# [Recorded data]
_ _ _

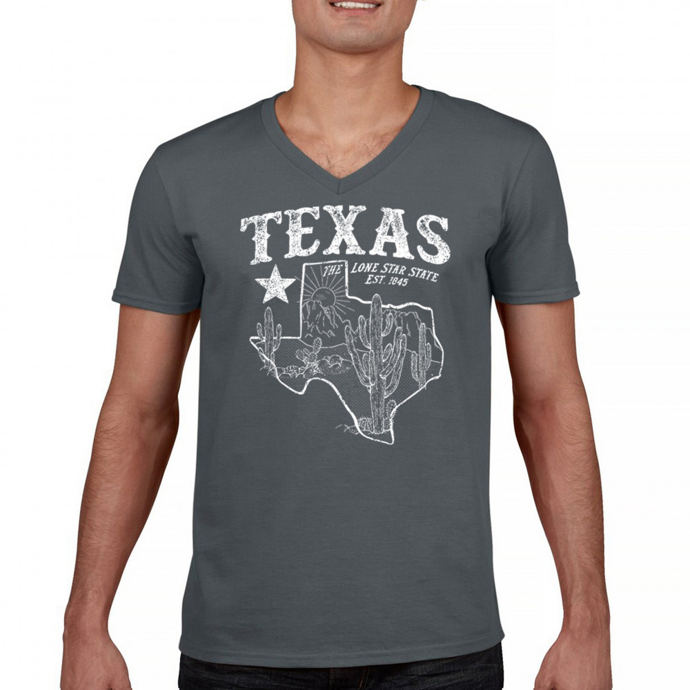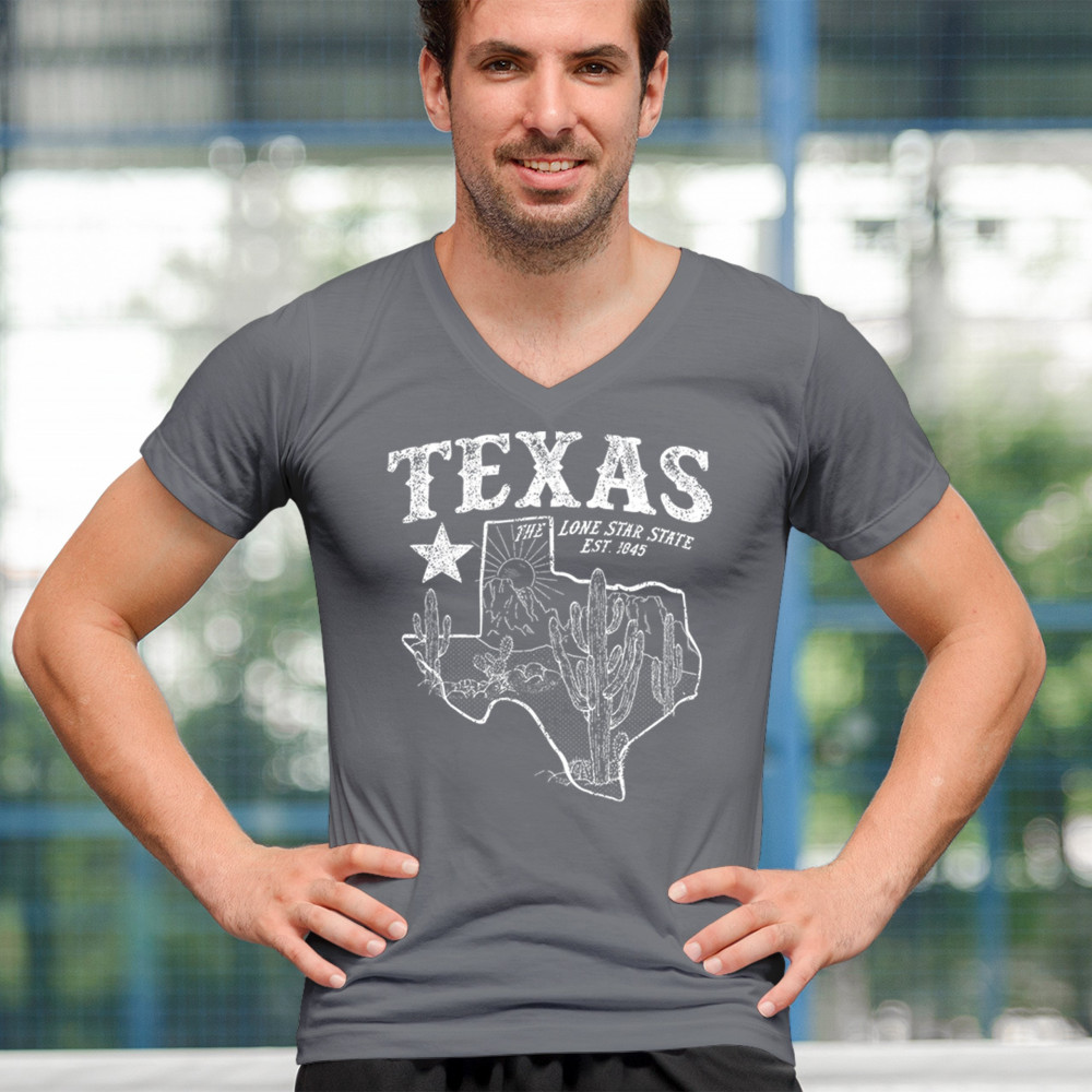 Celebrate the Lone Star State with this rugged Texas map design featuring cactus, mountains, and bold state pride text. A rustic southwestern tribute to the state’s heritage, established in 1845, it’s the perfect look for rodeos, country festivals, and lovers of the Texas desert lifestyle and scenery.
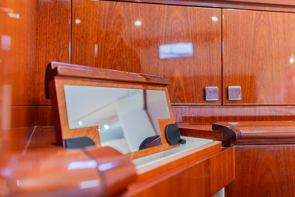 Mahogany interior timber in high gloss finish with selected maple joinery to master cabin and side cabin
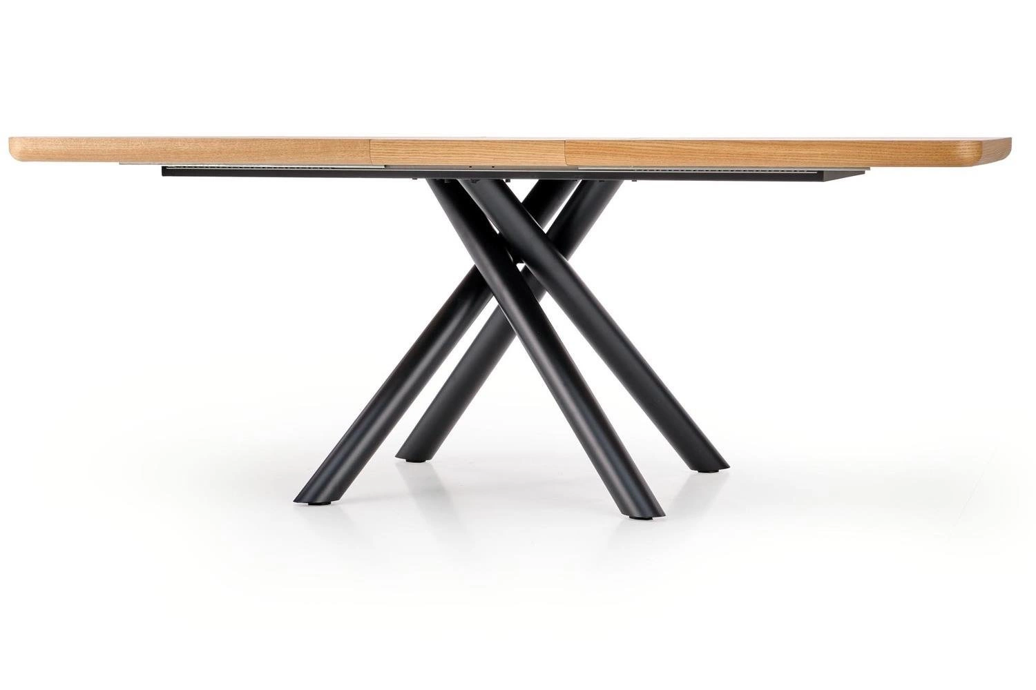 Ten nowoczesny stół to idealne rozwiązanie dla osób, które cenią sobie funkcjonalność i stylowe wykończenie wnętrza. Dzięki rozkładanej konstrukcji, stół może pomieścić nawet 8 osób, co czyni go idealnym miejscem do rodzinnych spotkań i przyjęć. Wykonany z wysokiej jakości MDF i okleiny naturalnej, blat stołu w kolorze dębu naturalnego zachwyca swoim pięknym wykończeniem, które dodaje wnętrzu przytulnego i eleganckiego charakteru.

_ _ _

# [Required action]
After locating the line that holds "Mahogany interior timber", output exactly the lines from it through the last line of the material above, inclusive, without pictures.

# [Solved problem]
 Mahogany interior timber in high gloss finish with selected maple joinery to master cabin and side cabin
 Ten nowoczesny stół to idealne rozwiązanie dla osób, które cenią sobie funkcjonalność i stylowe wykończenie wnętrza. Dzięki rozkładanej konstrukcji, stół może pomieścić nawet 8 osób, co czyni go idealnym miejscem do rodzinnych spotkań i przyjęć. Wykonany z wysokiej jakości MDF i okleiny naturalnej, blat stołu w kolorze dębu naturalnego zachwyca swoim pięknym wykończeniem, które dodaje wnętrzu przytulnego i eleganckiego charakteru.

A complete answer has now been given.